Canada’s economic health depends largely on the small business sector, according to a new report.

Small business accounted for 75 per cent of total employment growth in Canada over the last year, says the recently released CIBC report, Small Business Today and Tomorrow.

“The recent economic recovery saw an impressive rebound in small-business activity that, in the first half of 2002, was growing at an estimated annualized rate of 5.7 per cent – notably higher than the rate in the economy as a whole,” said Benjamin Tal, CIBC senior economist.

“While overall economic activity in the coming six months is expected to be somewhat slower than the pace at the start of the year, small businesses in industries that benefit from consumer spending will see the strongest growth,” Tal added.

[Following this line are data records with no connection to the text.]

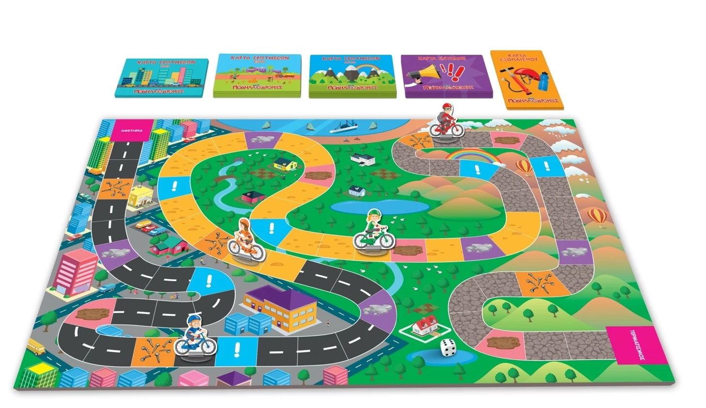 Οι Ποδηλατοδρομίες είναι ένα επιτραπέζιο παιχνίδι συνδυασμού ταχύτητας και γνώσεων που ψυχαγωγεί τα παιδιά ενώ παράλληλα προσφέρει χρήσιμες πληροφορίες για την ποδηλασία και τον φυσικό τρόπο ζωής.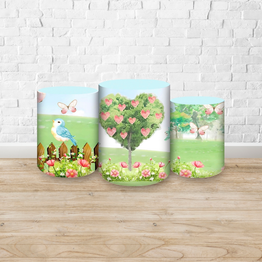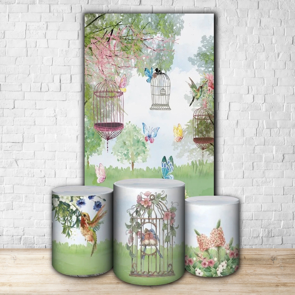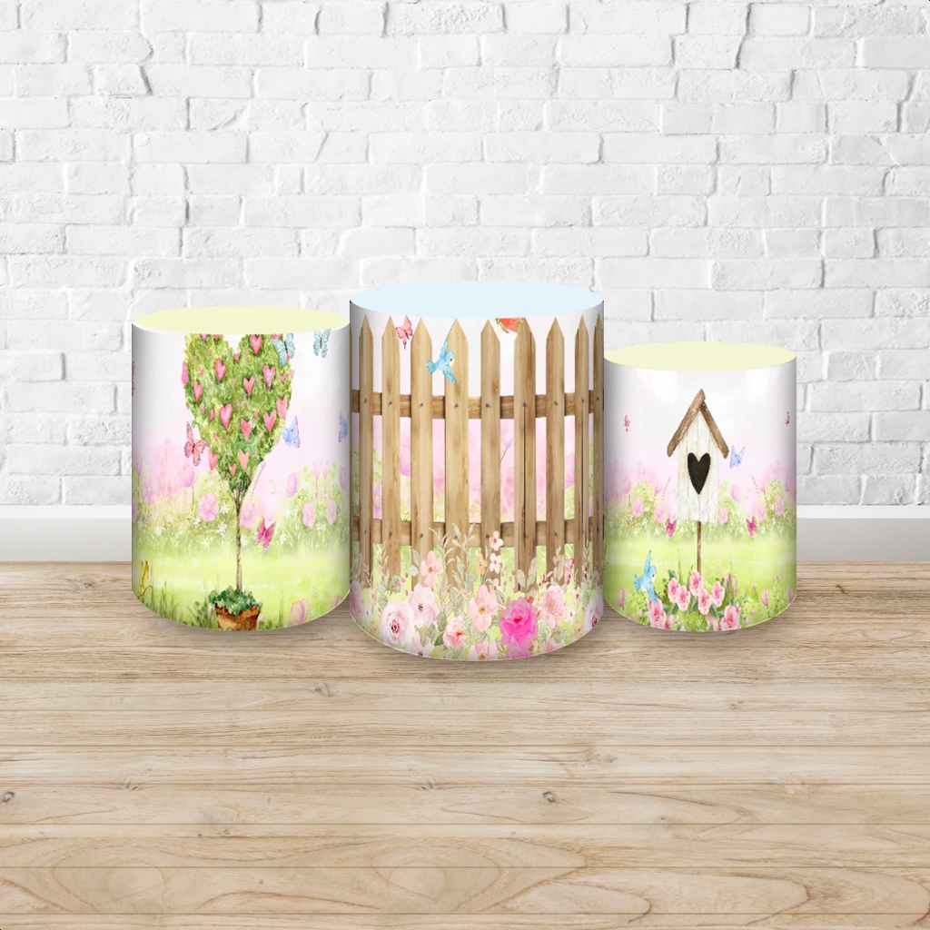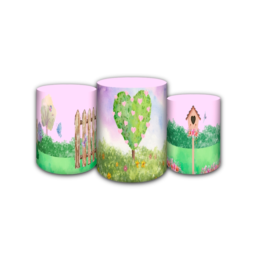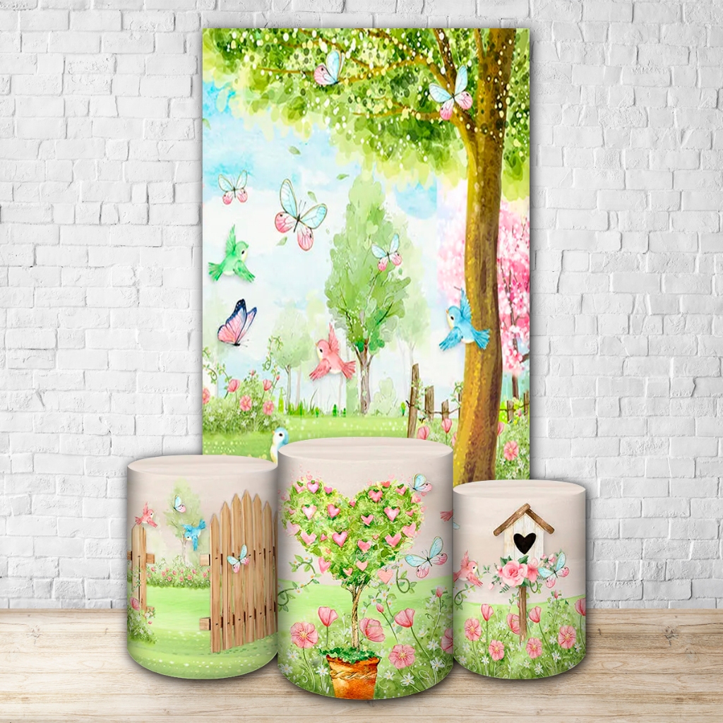 Capas de Painéis, cilindros e Kits completos Sublimados para Festa Tema Jardim
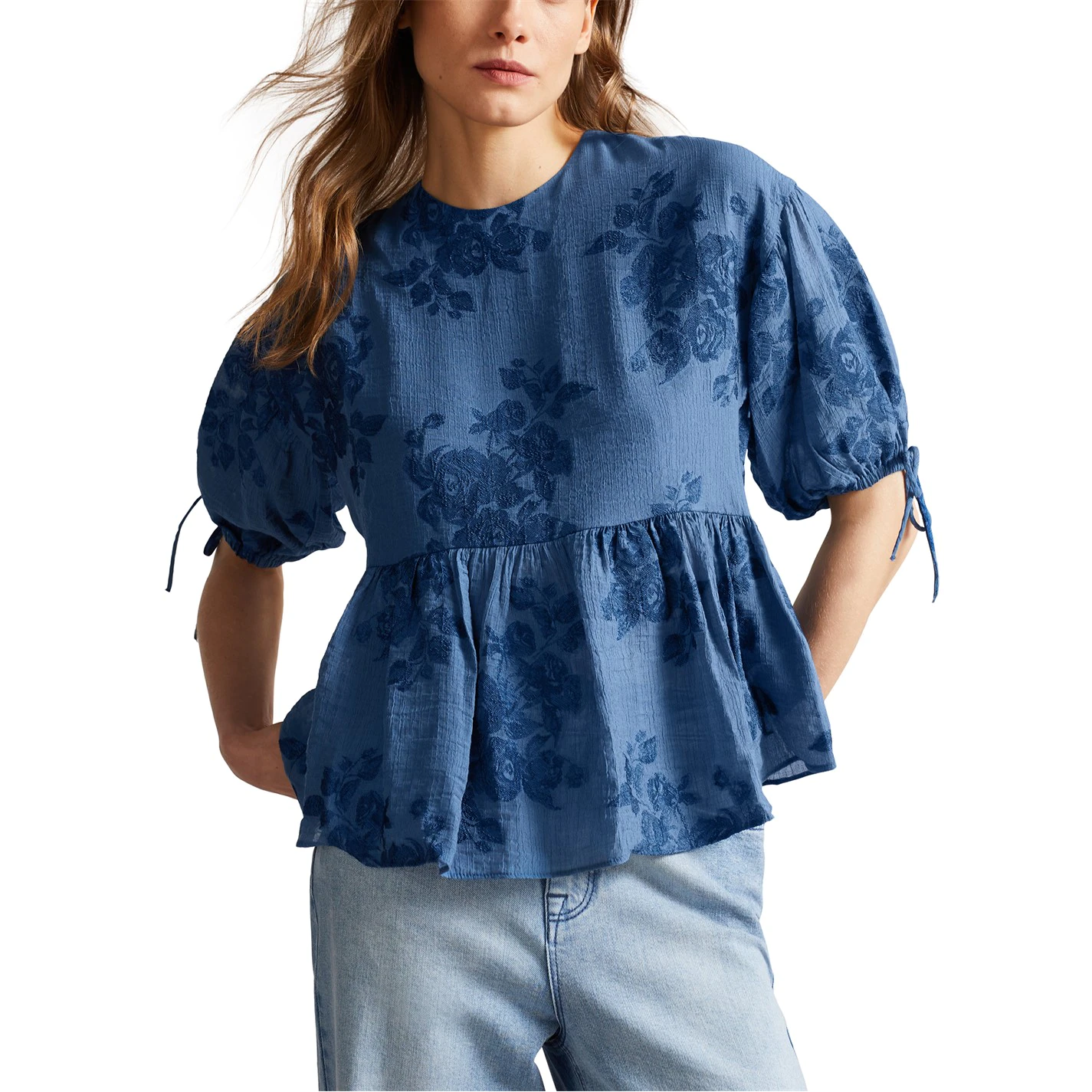 Refresh your casual wear with this Kaarin Blouse by Ted Baker, crafted in Turkey from viscose and polyamide blend for a super-lightweight design. Featuring a scoop neckline, elbow-length sleeves, elasticated, tie up cuffs and finished with gorgeous blue roses blossom on this sweet blouse, with a fluttery peplum hem and a delicate tie that crosses the open back.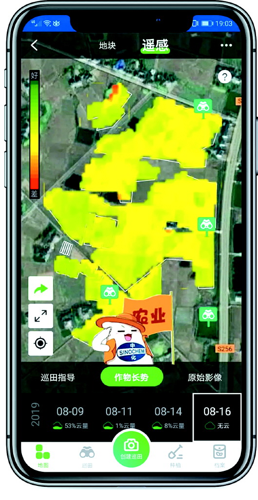 利用“MAP智农”APP,采用卫星+无人机遥感技术,能够为农场主提供科学的巡田方案,全面掌握地块数据,实时监测并识别分析作物长势,含水量等情况,在家即可查看田地里庄稼生长情况,实现农民“在手机上种田”。另外,在APP的基础上,中化农业还推出了全方位、人性化的订单式经营模式。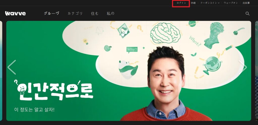 「韓国」サーバーを選択してから、Wavveの公式HPにアクセスして、右上のログインをクリック!

Rapid change will present the greatest challenge for small business in the future, says the report, with globalization, the Internet, demographics, immigration and a shortage of skilled labour the major drivers of this change.

“One of the defining characteristics of our entrepreneurs – the ability to transform and reinvent their businesses as their skills grow and markets change – will become even more important to a firm’s success,” said Tal.

In the short term, low interest rates, healthy consumer spending and further outsourcing activity by large firms will support relatively strong Canadian small-business activity in the coming 12 months, the report says.

The report says small-business activity in Alberta is projected to remain strong in 2003, with high oil prices and strong manufacturing activity providing positive spinoffs to the small business sector.

The report projects that the relatively low rate of exports by small businesses will rise as they increasingly see foreign markets and foreign sources of supply as important to their growth and success.

The Internet and the growth in the number of self-employed immigrants will speed the increase in small-business exports.

However, the report cautions that small businesses in Canada must learn to deal with the increased complexity of managing foreign-exchange risk as well as trade, tax and other regulations in the countries they are trading with.

The Internet will also help growth in small-business activity with its ability to facilitate connectivity, new forms of collaboration and the virtual enterprise.

At the same time, the report says, the shrinking labour force may become the chief factor limiting small-business growth in the next decade.

Small firms, already facing a shortage of 200,000 to 300,000 workers, will find it increasingly difficult to obtain qualified labour.

To overcome this difficulty, small firms will have to increase training of their existing labour force, hire a greater number of older workers and create more family-oriented work policies for married employees.